How to complete this task:
Every entry below must be transcribed word for word, and the images must be left out.

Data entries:
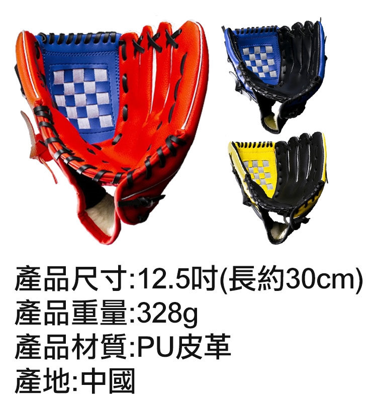 12.5吋棒球手套:掌長17.0–19.0公分(16歲以上)
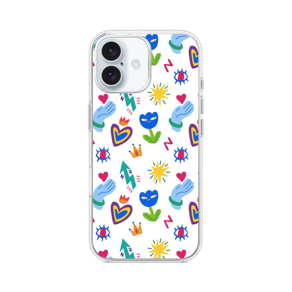 Niedliche Blumen und Herzen Graffitis iPhone 16 Plus MagSafe‑kompatible Silikonhülle mit Kamera‑Kickstand● Sehr robust & langlebig
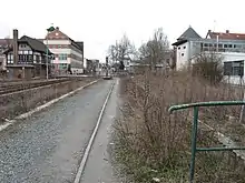 Even before the suspension of traffic on the line to Frose, there were plans to extend the narrow-gauge Selke Valley Railway (Selketalbahn) from Gernrode to Quedlinburg to increase its attractiveness. Originally, the connection was to have been made by installing dual gauge track. After the closure of the standard-gauge line, these plans were abandoned and the Gernrode–Quedlinburg section was regauged.[25] Due to the well-preserved embankment, the construction time was just under a year, with almost all level crossings modernised or replaced by automatic systems. Platform 3 has since then been used as the terminus of the Selke Valley Railway, which has a siding next to a bypass track to handle steam locomotives. In addition, a new water crane was installed at the end of the platform. There are several train journeys daily from Quedlinburg via Gernrode to Eisfelder Talmühle, two of them steam-hauled. Several special excursions have run directly to Brocken. Passenger traffic on the Selke Valley Railway has increased by 20% as a result of the extension to Quedlinburg.[8]
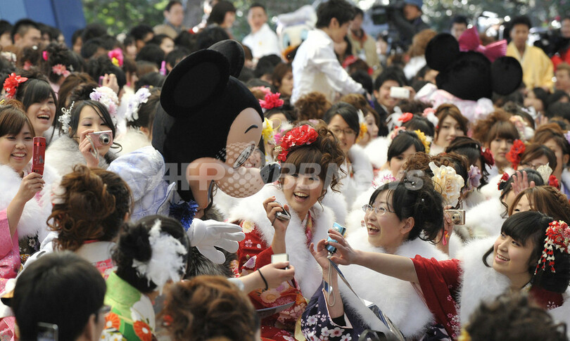 ニュース ライフ ディズニーランドで成人式、ミッキーが祝福 千葉・浦安 2012年1月9日 15:53 発信地:千葉 [ アジア・オセアニア 千葉 ] このニュースをシェア ‹ › ❮ 5/7 ❯ 成人の日の9日、千葉県浦安(Urayasu)市の成人式が東京ディズニーランド(Tokyo Disneyland)で開かれた。政府統計によると、1日現在20歳の新成人の人口は122万人で、最も多かった1970年の246万人の半数を初めて割り込んだ。写真は、ミッキーマウスから祝福されて大喜びの晴れ着姿の新成人たち(2012年1月9日撮影)。(c)AFP/ KAZUHIRO NOGI 画像作成中 ! 【1月9日 AFP】成人の日の9日、千葉県浦安(Urayasu)市の成人式が東京ディズニーランド(Tokyo Disneyland)で開かれた。政府統計によると、1日現在20歳の新成人の人口は122万人で、最も多かった1970年の246万人の半数を初めて割り込んだ。(c)AFP ライフ 一覧へ> メディア・報道関係・法人の方向け 写真・動画 購入のお問合せ>
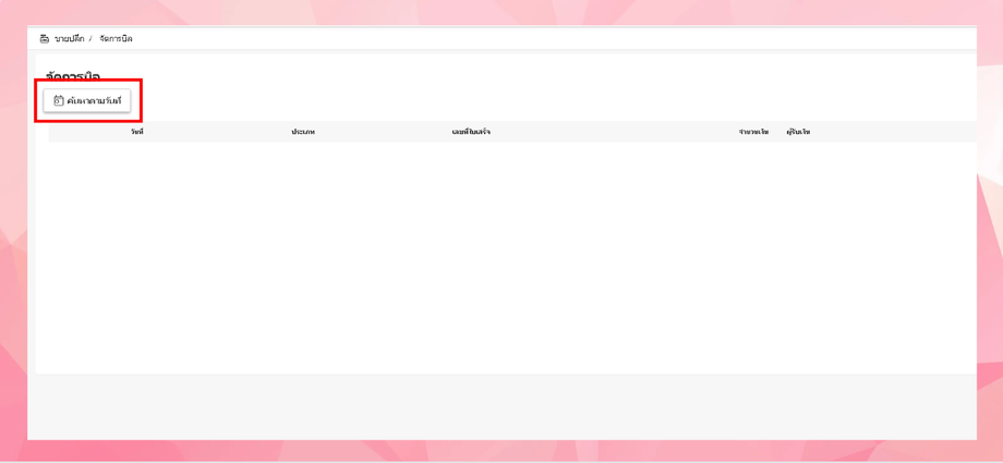 • ระบบจะเข้าสู่หน้า จัดการบิล สามารถทราบบิลได้โดยการคลิกปุ่ม ค้นหาตามวันที่
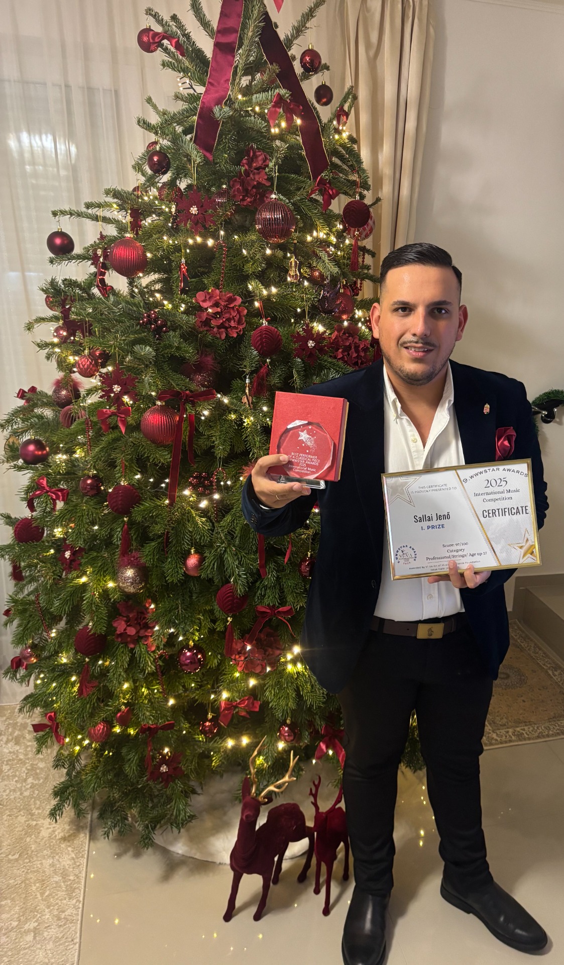 A 9. WWWSTAR Awards – 2025 International Music Competition professzionális, nemzetközi mezőnyben zajló megmérettetés volt, amely számomra kifejezetten nagy szakmai kihívást jelentett. Különösen megtisztelő, hogy ebben az erős versenyhelyzetben I. díjban részesültem (97/100 ponttal), valamint különdíjként elnyertem a "Best Performer of a Classical Piece" elismerést is. Ezek az eredmények számomra fontos szakmai visszaigazolást jelentenek arra, hogy egyénileg is tudatosan és sikeresen fejlesztem, építem szólista karrieremet, még akkor is, amikor párhuzamosan két intézményben végzek oktatói munkát alap- és középfokon. A díjak megerősítik azt az egyensúlyt, amelyet az aktív előadóművészi jelenlét és a pedagógiai hivatás között képviselek.
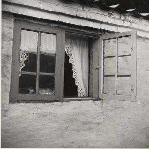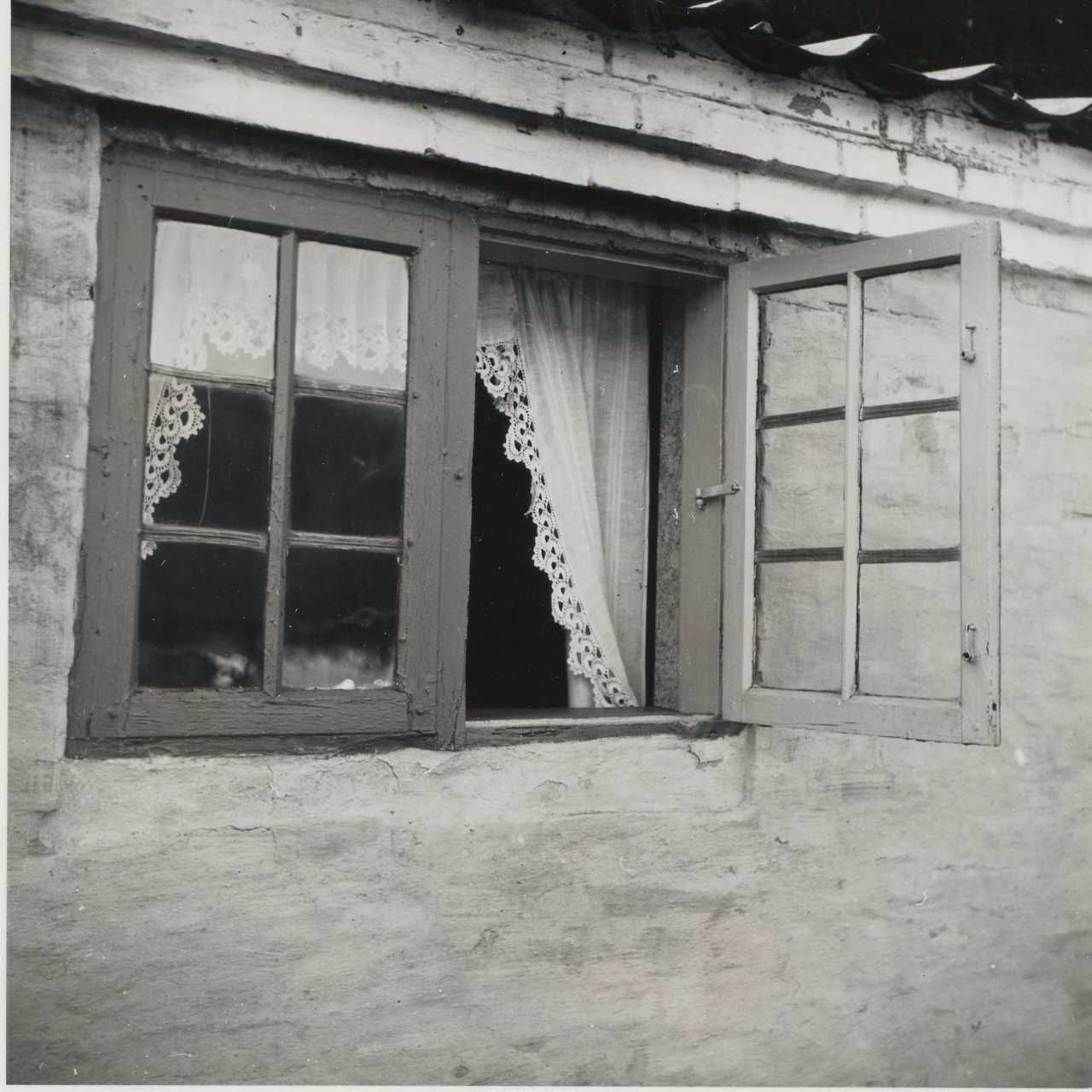 Maskingenkendt tekst fra arkivkort. Latr. Nr. 2la. Vindue lungst mod V. 1 Nordside &f Stuehus Lodrette Træsprosser med Skarpvinilet rro- T11,7n0s0t11 er Vinkeltopven dog høvlet af. Vandrette 3Jlysprosser med rrofilering. Fu Fioekamer,tidlicere Jaltkammer. He 2. fot. april 1944,
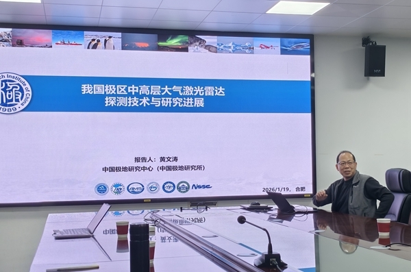 1月19日,中国极地研究中心黄文涛研究员受邀做客安光所大气光学中心,作题为《我国极区中高层大气激光雷达探测技术与研究进展》的学术报告。黄文涛研究员深耕极区激光雷达探测领域多年,自2016年起投身极地研究,曾四次赴南极麦克默多站、中山站开展激光雷达部署与观测工作,积累了丰富的极地探测科研经验与前沿研究成果。报告由大气光学中心刘东研究员主持。
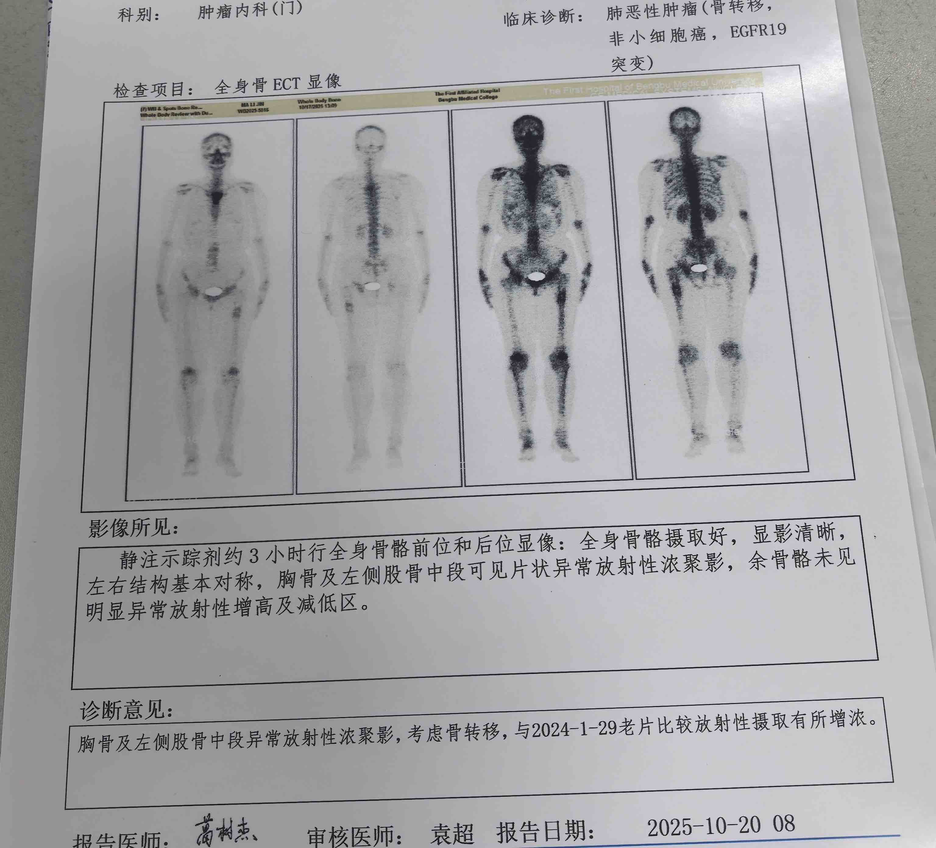 *问题所在:骨扫描(ECT)显示,原有的 胸骨、左侧股骨两处转移灶 “放射性摄取增浓”,提示活性增高。
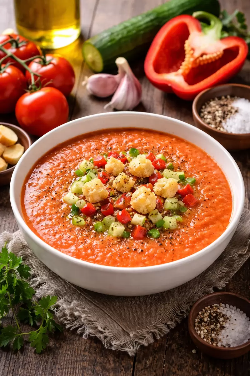 Гаспачо возник на юге Испании, в солнечной Андалусии. В условиях беспощадной жары местным жителям требовалась легкая, но сытная еда. Первые варианты этого супа готовили на основе хлеба, чеснока, оливкового масла и винного уксуса. Ингредиенты тщательно растирали в ступке, добавляя холодную воду для создания густой и освежающей массы. Помидоры, которые позже стали главной составляющей, появились в рецепте значительно позже, когда их начали активно культивировать в регионе. Когда красные плоды начали вставать в центр рецепта, гаспачо приобрел свой характерный цвет и популярность по всему миру.
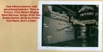 Collection: JD Doyle Photographs (1950-2000) Institution: JD Doyle Archives Creator: Date: circa 1968 Topics: Discos, Drag, Female impersonators Subject: Bobby Barton, Club Inferno, Criss Moore, Ethel Merman, Kurt Mann Description: Advertising banners read: "Here in person, Criss Moore singing Ethel Merman, Songs of the 30s"; "Bobby Barton, Body by Fisher"; "Kurt Mann, She's a Diller" -
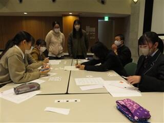グループワークでは、災害が起きた後、避難所に避難してきた人々であるという想定のもと、メンバー全員が不満なく食べ物を分けるための話し合いを体験しました。
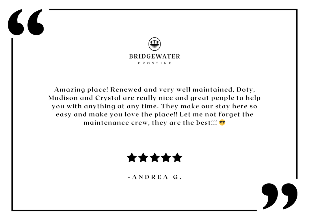 Nestled in a prime location near Bridgewater Falls, you’ll have easy access to the best shopping, dining, and entertainment in town. Come see why Bridgewater Crossing is the perfect place to call home—schedule your tour today!
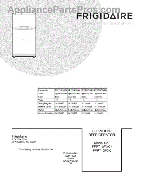Parts for Frigidaire FFPT10F0KM0: 01 - Cover Parts
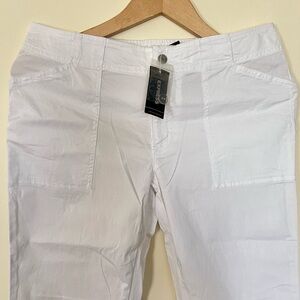 Express Women Mid Rise Hyper Stretch Crossover Pocket Slip White Flare Pants 7/8 Cotton

Exercise solution:
 12.5吋棒球手套:掌長17.0–19.0公分(16歲以上)
 Niedliche Blumen und Herzen Graffitis iPhone 16 Plus MagSafe‑kompatible Silikonhülle mit Kamera‑Kickstand● Sehr robust & langlebig
 Even before the suspension of traffic on the line to Frose, there were plans to extend the narrow-gauge Selke Valley Railway (Selketalbahn) from Gernrode to Quedlinburg to increase its attractiveness. Originally, the connection was to have been made by installing dual gauge track. After the closure of the standard-gauge line, these plans were abandoned and the Gernrode–Quedlinburg section was regauged.[25] Due to the well-preserved embankment, the construction time was just under a year, with almost all level crossings modernised or replaced by automatic systems. Platform 3 has since then been used as the terminus of the Selke Valley Railway, which has a siding next to a bypass track to handle steam locomotives. In addition, a new water crane was installed at the end of the platform. There are several train journeys daily from Quedlinburg via Gernrode to Eisfelder Talmühle, two of them steam-hauled. Several special excursions have run directly to Brocken. Passenger traffic on the Selke Valley Railway has increased by 20% as a result of the extension to Quedlinburg.[8]
 ニュース ライフ ディズニーランドで成人式、ミッキーが祝福 千葉・浦安 2012年1月9日 15:53 発信地:千葉 [ アジア・オセアニア 千葉 ] このニュースをシェア ‹ › ❮ 5/7 ❯ 成人の日の9日、千葉県浦安(Urayasu)市の成人式が東京ディズニーランド(Tokyo Disneyland)で開かれた。政府統計によると、1日現在20歳の新成人の人口は122万人で、最も多かった1970年の246万人の半数を初めて割り込んだ。写真は、ミッキーマウスから祝福されて大喜びの晴れ着姿の新成人たち(2012年1月9日撮影)。(c)AFP/ KAZUHIRO NOGI 画像作成中 ! 【1月9日 AFP】成人の日の9日、千葉県浦安(Urayasu)市の成人式が東京ディズニーランド(Tokyo Disneyland)で開かれた。政府統計によると、1日現在20歳の新成人の人口は122万人で、最も多かった1970年の246万人の半数を初めて割り込んだ。(c)AFP ライフ 一覧へ> メディア・報道関係・法人の方向け 写真・動画 購入のお問合せ>
 • ระบบจะเข้าสู่หน้า จัดการบิล สามารถทราบบิลได้โดยการคลิกปุ่ม ค้นหาตามวันที่
 A 9. WWWSTAR Awards – 2025 International Music Competition professzionális, nemzetközi mezőnyben zajló megmérettetés volt, amely számomra kifejezetten nagy szakmai kihívást jelentett. Különösen megtisztelő, hogy ebben az erős versenyhelyzetben I. díjban részesültem (97/100 ponttal), valamint különdíjként elnyertem a "Best Performer of a Classical Piece" elismerést is. Ezek az eredmények számomra fontos szakmai visszaigazolást jelentenek arra, hogy egyénileg is tudatosan és sikeresen fejlesztem, építem szólista karrieremet, még akkor is, amikor párhuzamosan két intézményben végzek oktatói munkát alap- és középfokon. A díjak megerősítik azt az egyensúlyt, amelyet az aktív előadóművészi jelenlét és a pedagógiai hivatás között képviselek.
 Maskingenkendt tekst fra arkivkort. Latr. Nr. 2la. Vindue lungst mod V. 1 Nordside &f Stuehus Lodrette Træsprosser med Skarpvinilet rro- T11,7n0s0t11 er Vinkeltopven dog høvlet af. Vandrette 3Jlysprosser med rrofilering. Fu Fioekamer,tidlicere Jaltkammer. He 2. fot. april 1944,
 1月19日,中国极地研究中心黄文涛研究员受邀做客安光所大气光学中心,作题为《我国极区中高层大气激光雷达探测技术与研究进展》的学术报告。黄文涛研究员深耕极区激光雷达探测领域多年,自2016年起投身极地研究,曾四次赴南极麦克默多站、中山站开展激光雷达部署与观测工作,积累了丰富的极地探测科研经验与前沿研究成果。报告由大气光学中心刘东研究员主持。
 *问题所在:骨扫描(ECT)显示,原有的 胸骨、左侧股骨两处转移灶 “放射性摄取增浓”,提示活性增高。
 Гаспачо возник на юге Испании, в солнечной Андалусии. В условиях беспощадной жары местным жителям требовалась легкая, но сытная еда. Первые варианты этого супа готовили на основе хлеба, чеснока, оливкового масла и винного уксуса. Ингредиенты тщательно растирали в ступке, добавляя холодную воду для создания густой и освежающей массы. Помидоры, которые позже стали главной составляющей, появились в рецепте значительно позже, когда их начали активно культивировать в регионе. Когда красные плоды начали вставать в центр рецепта, гаспачо приобрел свой характерный цвет и популярность по всему миру.
 Collection: JD Doyle Photographs (1950-2000) Institution: JD Doyle Archives Creator: Date: circa 1968 Topics: Discos, Drag, Female impersonators Subject: Bobby Barton, Club Inferno, Criss Moore, Ethel Merman, Kurt Mann Description: Advertising banners read: "Here in person, Criss Moore singing Ethel Merman, Songs of the 30s"; "Bobby Barton, Body by Fisher"; "Kurt Mann, She's a Diller" -
グループワークでは、災害が起きた後、避難所に避難してきた人々であるという想定のもと、メンバー全員が不満なく食べ物を分けるための話し合いを体験しました。
 Nestled in a prime location near Bridgewater Falls, you’ll have easy access to the best shopping, dining, and entertainment in town. Come see why Bridgewater Crossing is the perfect place to call home—schedule your tour today!
Parts for Frigidaire FFPT10F0KM0: 01 - Cover Parts
 Express Women Mid Rise Hyper Stretch Crossover Pocket Slip White Flare Pants 7/8 Cotton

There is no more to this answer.